Lo cierto es que el amancebamiento entre gestores culturales y poderes oficiales (municipales, departamentales o nacionales) es indiscutible. La única manera de figurar es confabulándose con los poderes culturales. Voces independientes, rebeldes, críticas y distantes sellan con su actitud el rechazo o la indiferencia de las élites que viven del erario cultural. Y uno acaba entendiendo cómo es que funciona todo este fértil entramado. Quédate por fuera y estarás muerto, no le rindas pleitesía a nadie y estarás frito, nadie te tendrá en cuenta, ni siquiera tus encopetados y poderosos amigos. De ahí que los escritores terminen siendo más intelectuales y políticos que escritores. Posicionarse como sea, tener siempre muchas ubres a su disposición. Y a repetirse, evento tras evento. Y a presentar proyectos, de cuanta bazofia se atraviese, que plata anaranjada es lo que hay. Venderse al poder es algo de lo que pocos escapan, pues sí que son bien pocos los que están dispuestos a quedarse por fuera del reparto, comprendiendo, además, que son más bien muchos los que necesitan de tales menesteres para solventar sustentos. Quedarse por fuera tiene su saludable contrapartida. Gloria, éxito, fama… Todo eso al final se revuelve en un etéreo caldo de mediocridad y olvido. Los escritores a los que les gusta el poder como tema y como modus vivendi saben bien que las relaciones lo son todo. Estar inmerso en los círculos del poder tiene sus ventajas. Y sentirse poderosos eleva su autoestima, adoran embelesados aquello que significa mando, influencias y celebridad.

¿Casualidades? Todo en la vida se encuentra encadenado, y no estoy hablando de un destino ya trazado e inevitable, sino de cosas que se nos ocurren o nos pasan, y con respecto a las cuales somos nosotros mismos tal vez los responsables, los causantes de determinadas asociaciones o los actores de increíbles giros.

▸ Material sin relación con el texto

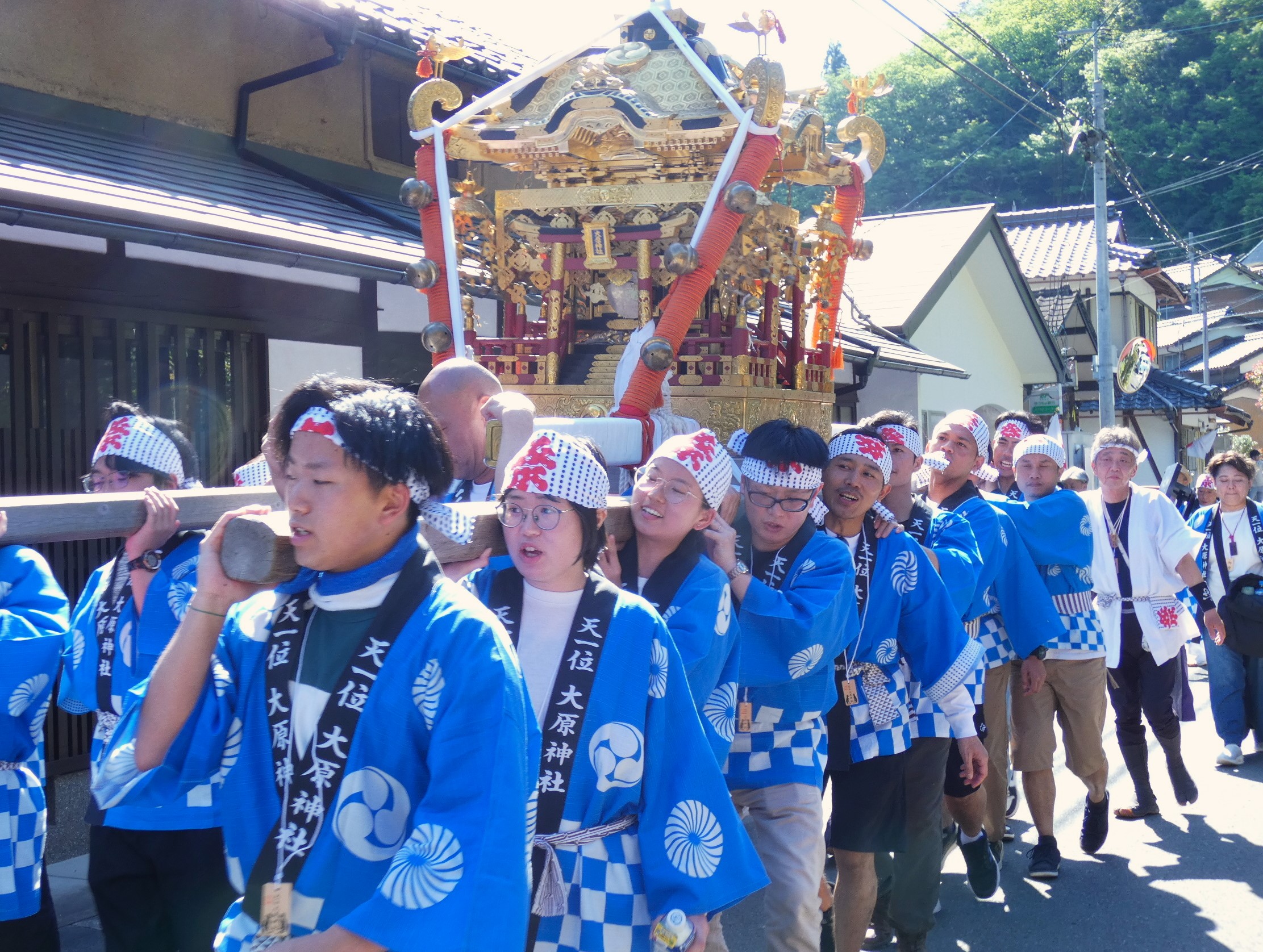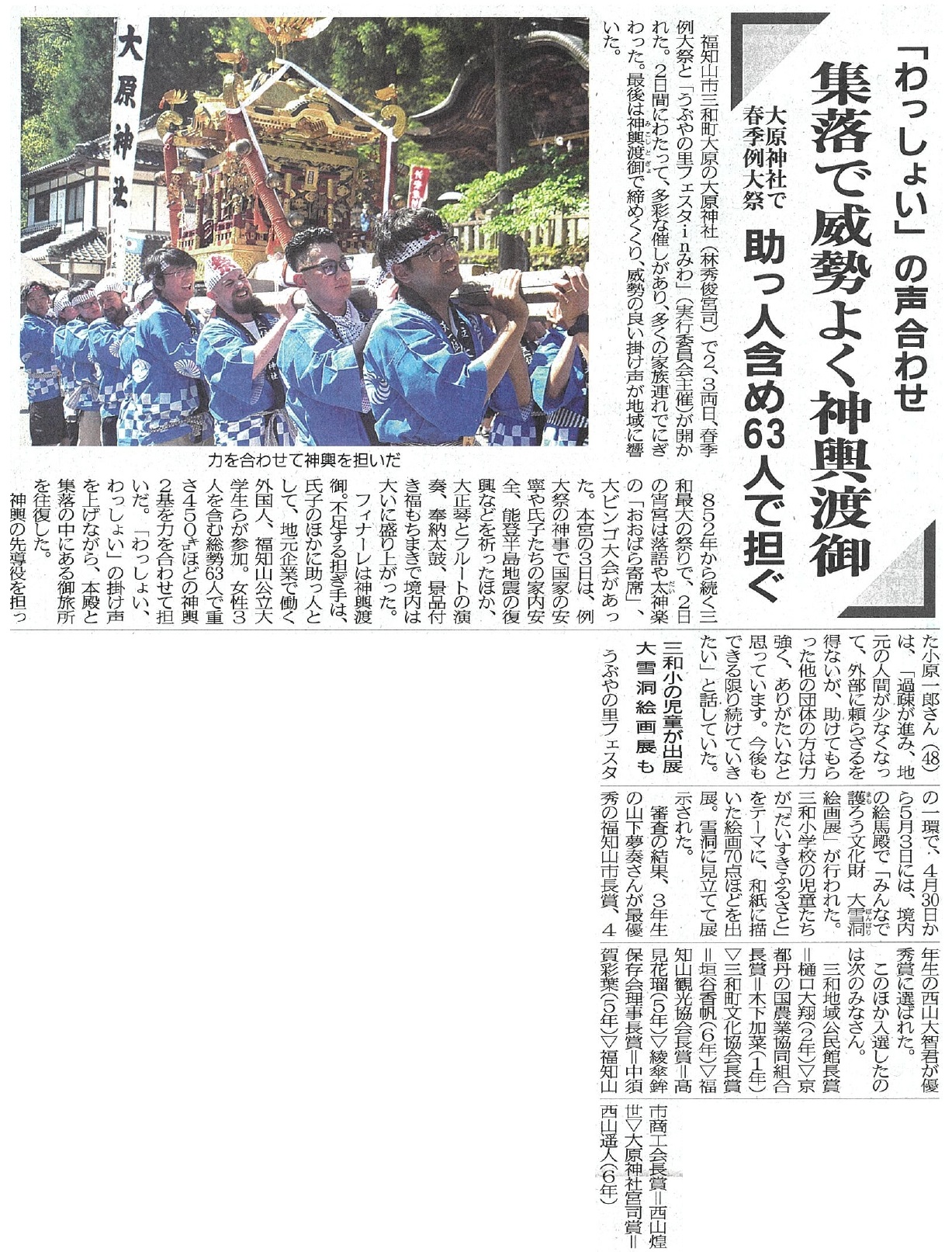 両丹日日新聞 2024年5月7日(火)【「わっしょい」の声合わせ 集落で威勢よく神輿渡御 大原神社で春季例大祭助っ人含め63人で担ぐ】
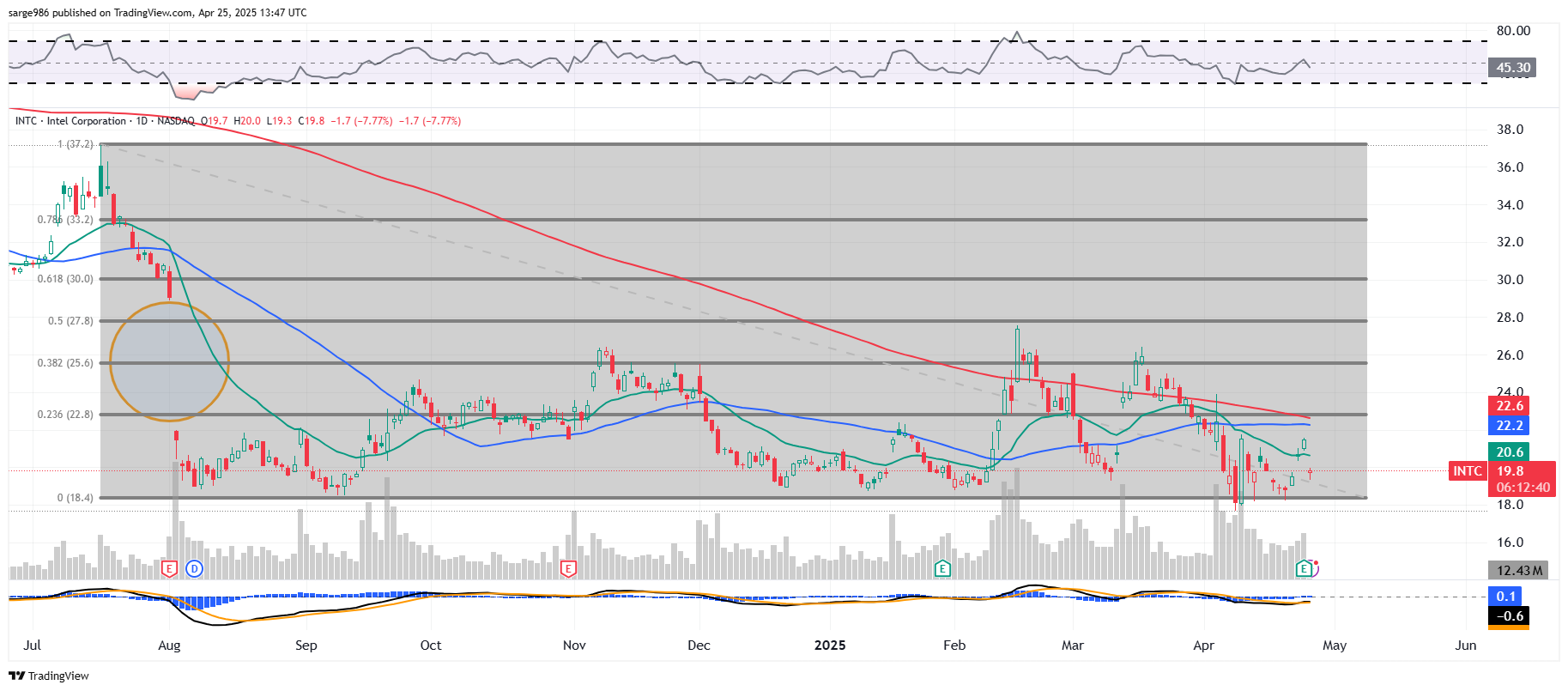Readers will see that INTC has tested support in the same general area many times since last summer. I may enter at or close to that $18-ish support level, but I wouldn't risk much there as there is some danger, which I will show you in a second. I would rather grab some of these shares on momentum should the stock ever take back its 50-day SMA, 200-day SMA and 23.6% Fibonacci retracement level of the July through April sell-off. Why don't I really want to initiate at that support level?

Cada uno tiene su pequeño poder a su servicio, y yo tengo obviamente el mío, el menos obvio de los poderes, el más útil e inservible de todos: el de esta pluma libertaria que escribe y publica cada ocho días su ardor en el vacío.

Haber sobrevivido recientemente al contagio de la pandemia ha sido una buena noticia, que K y mi hermano Bernardo lo hayan también logrado me trajo felicidad en medio de una gran angustia. En esos días me agobió mucho la idea de la muerte, no podía quitarme de la cabeza el hecho de que no hacemos más que aplazarla estultamente. Hasta que por fin decidí revivir y colocarme la vieja coraza que se me ha ido quebrando con los años. Todavía no logro el rendimiento deportivo que traía antes de que el virus se metiera en mi cuerpo, pero ahí vamos, supongo que esto de la resistencia física empieza a depender también de la edad y toca irse esforzando menos, aceptar limitaciones, no hacerse muchas esperanzas. Quizá deba más bien hoy, en sábado de siempre, irme de farra con Martín a reconquistar nuestro submundo.

Se acerca el lanzamiento de “Borracho”, una especie de blues ranchero de mi cosecha, ya en proceso de mezcla definitiva. Espero poder darlo a conocer en la próxima entrada de este blog. Un puente para volver a la música y a la poesía.

Así que el poder atrae y fascina, la escritura igual, pero… ¿por qué mezclarlos? Sería mucho mejor dejar que la palabra escrita se reviente sola contra la verdad del tiempo.

Brujesca vida cotidiana repleta de anónimos placeres.